News
Publication by CSR postdoctoral fellow, Tom Pert
Tom PertLink opens in a new window is pleased to announce the publication of his first monograph The Palatine Family and the Thirty Years' War: Experiences of Exile in Early Modern Europe, 1632-1648 by Oxford University Press on 1 July 2023. Dr Pert's book examines the experiences of exiled royal and noble dynasties during the early modern period through a study of the rulers of the Electorate of the Palatinate during the Thirty Years' War (1618-1648). By drawing on a wide range of archival source materials, ranging from financial records, printed manifestos, and considerable quantities of diplomatic and personal correspondence, it investigates the resources available to the exiled 'Palatine Family' as well as their attempts to recover the lands and titles lost by Elector Frederick V - the son-in-law of King James VI and I of England and Scotland - in the opening stages of the Thirty Years' War. For more information see: https://global.oup.com/academic/product/the-palatine-family-and-the-thirty-years-war-9780198875406?cc=gb&lang=en"

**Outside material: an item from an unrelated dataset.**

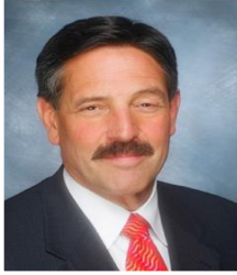
President and CEO

Position at Ca Foscari for CSR alumnus Ovanes Akopyan, from 1st July 2023
“A Long Way to a New Cosmology: Theories of Tides in Pre-Modern Thought”. This project offers the first comprehensive study of pre-modern engagement with the relatively neglected yet highly problematic natural phenomenon of tides. It argues that the flow and ebb effect was an essential component of cosmological discussions in premodern Europe and attracted the attention of all major scholars whom we currently associate with the so-called Scientific Revolution.
The competition amongst prominent thinkers involved in the study of astronomy and mathematics left its mark on a considerable number of works on tides, while the contesting solutions were believed to constitute a valid argument in favor of the respective cosmological theories. This also implies that the issue of determining the flow and ebb of water formed part of a larger discourse that went beyond strict mathematization of natural knowledge and reflected, on a more general level, a peculiar understanding of the cosmos and all it contains. Furthermore, the project makes an addition to a field of study that has been burgeoning in past years considering the current climate crisis. Several studies have recently devoted attention to pre-modern reflections on nature, especially with regard to various types of calamities. Despite not being considered a disaster because of their recurring and predictable character, tides were nonetheless seen as potentially devastating if not controlled and properly understood. Although inevitably put in relation with a discourse of the Flood, tidal accounts were largely devoid of metaphysical features, instead seeking out plausible mechanistic interpretations of the motion of water. At the same time, contrary to what has been suggested in scholarship, establishing the origin of tides was never regarded as a mere physico-mathematical exercise, but generally presented a matter of environmental concern. Thus, this project provides a synthetic account of pre-modern discourses of tides in their cosmological and environmental dimensions.
He will start on 1 July 2023, right after his stay at I Tatti where he is an Andrew W Mellon Fellow, and it will run for 24 months.